# Task requirements:
Write out every entry again exactly as it stands.

# Data records:
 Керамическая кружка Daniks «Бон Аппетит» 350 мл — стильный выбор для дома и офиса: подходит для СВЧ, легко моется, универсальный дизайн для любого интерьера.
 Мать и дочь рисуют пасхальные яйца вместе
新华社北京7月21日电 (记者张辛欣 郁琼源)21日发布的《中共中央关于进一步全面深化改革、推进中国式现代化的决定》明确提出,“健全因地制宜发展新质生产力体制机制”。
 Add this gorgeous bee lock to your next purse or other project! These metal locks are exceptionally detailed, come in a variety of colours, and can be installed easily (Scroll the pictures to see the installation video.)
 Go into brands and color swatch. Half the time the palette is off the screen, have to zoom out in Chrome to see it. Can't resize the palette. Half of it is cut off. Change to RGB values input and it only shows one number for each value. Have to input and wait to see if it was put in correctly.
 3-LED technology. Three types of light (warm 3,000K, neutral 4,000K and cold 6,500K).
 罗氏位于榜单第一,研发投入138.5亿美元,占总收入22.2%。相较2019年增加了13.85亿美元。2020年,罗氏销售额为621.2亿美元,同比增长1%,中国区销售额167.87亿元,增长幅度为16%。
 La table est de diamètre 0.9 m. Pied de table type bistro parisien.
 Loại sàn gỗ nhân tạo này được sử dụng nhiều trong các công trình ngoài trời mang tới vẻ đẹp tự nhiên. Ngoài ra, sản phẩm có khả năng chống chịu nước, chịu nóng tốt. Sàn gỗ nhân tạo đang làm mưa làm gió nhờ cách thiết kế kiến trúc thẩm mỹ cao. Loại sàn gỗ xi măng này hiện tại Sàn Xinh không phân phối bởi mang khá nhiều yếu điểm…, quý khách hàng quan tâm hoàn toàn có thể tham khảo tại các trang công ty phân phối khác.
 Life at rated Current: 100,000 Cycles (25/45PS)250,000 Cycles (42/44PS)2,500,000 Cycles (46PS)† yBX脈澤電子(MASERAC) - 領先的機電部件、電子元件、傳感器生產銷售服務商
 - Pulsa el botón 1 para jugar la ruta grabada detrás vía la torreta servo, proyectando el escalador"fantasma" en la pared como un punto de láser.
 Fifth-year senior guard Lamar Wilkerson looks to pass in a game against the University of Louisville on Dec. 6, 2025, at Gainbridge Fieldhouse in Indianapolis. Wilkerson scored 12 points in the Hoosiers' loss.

# Response area:
 Керамическая кружка Daniks «Бон Аппетит» 350 мл — стильный выбор для дома и офиса: подходит для СВЧ, легко моется, универсальный дизайн для любого интерьера.
 Мать и дочь рисуют пасхальные яйца вместе
新华社北京7月21日电 (记者张辛欣 郁琼源)21日发布的《中共中央关于进一步全面深化改革、推进中国式现代化的决定》明确提出,“健全因地制宜发展新质生产力体制机制”。
 Add this gorgeous bee lock to your next purse or other project! These metal locks are exceptionally detailed, come in a variety of colours, and can be installed easily (Scroll the pictures to see the installation video.)
 Go into brands and color swatch. Half the time the palette is off the screen, have to zoom out in Chrome to see it. Can't resize the palette. Half of it is cut off. Change to RGB values input and it only shows one number for each value. Have to input and wait to see if it was put in correctly.
 3-LED technology. Three types of light (warm 3,000K, neutral 4,000K and cold 6,500K).
 罗氏位于榜单第一,研发投入138.5亿美元,占总收入22.2%。相较2019年增加了13.85亿美元。2020年,罗氏销售额为621.2亿美元,同比增长1%,中国区销售额167.87亿元,增长幅度为16%。
 La table est de diamètre 0.9 m. Pied de table type bistro parisien.
 Loại sàn gỗ nhân tạo này được sử dụng nhiều trong các công trình ngoài trời mang tới vẻ đẹp tự nhiên. Ngoài ra, sản phẩm có khả năng chống chịu nước, chịu nóng tốt. Sàn gỗ nhân tạo đang làm mưa làm gió nhờ cách thiết kế kiến trúc thẩm mỹ cao. Loại sàn gỗ xi măng này hiện tại Sàn Xinh không phân phối bởi mang khá nhiều yếu điểm…, quý khách hàng quan tâm hoàn toàn có thể tham khảo tại các trang công ty phân phối khác.
 Life at rated Current: 100,000 Cycles (25/45PS)250,000 Cycles (42/44PS)2,500,000 Cycles (46PS)† yBX脈澤電子(MASERAC) - 領先的機電部件、電子元件、傳感器生產銷售服務商
 - Pulsa el botón 1 para jugar la ruta grabada detrás vía la torreta servo, proyectando el escalador"fantasma" en la pared como un punto de láser.
 Fifth-year senior guard Lamar Wilkerson looks to pass in a game against the University of Louisville on Dec. 6, 2025, at Gainbridge Fieldhouse in Indianapolis. Wilkerson scored 12 points in the Hoosiers' loss.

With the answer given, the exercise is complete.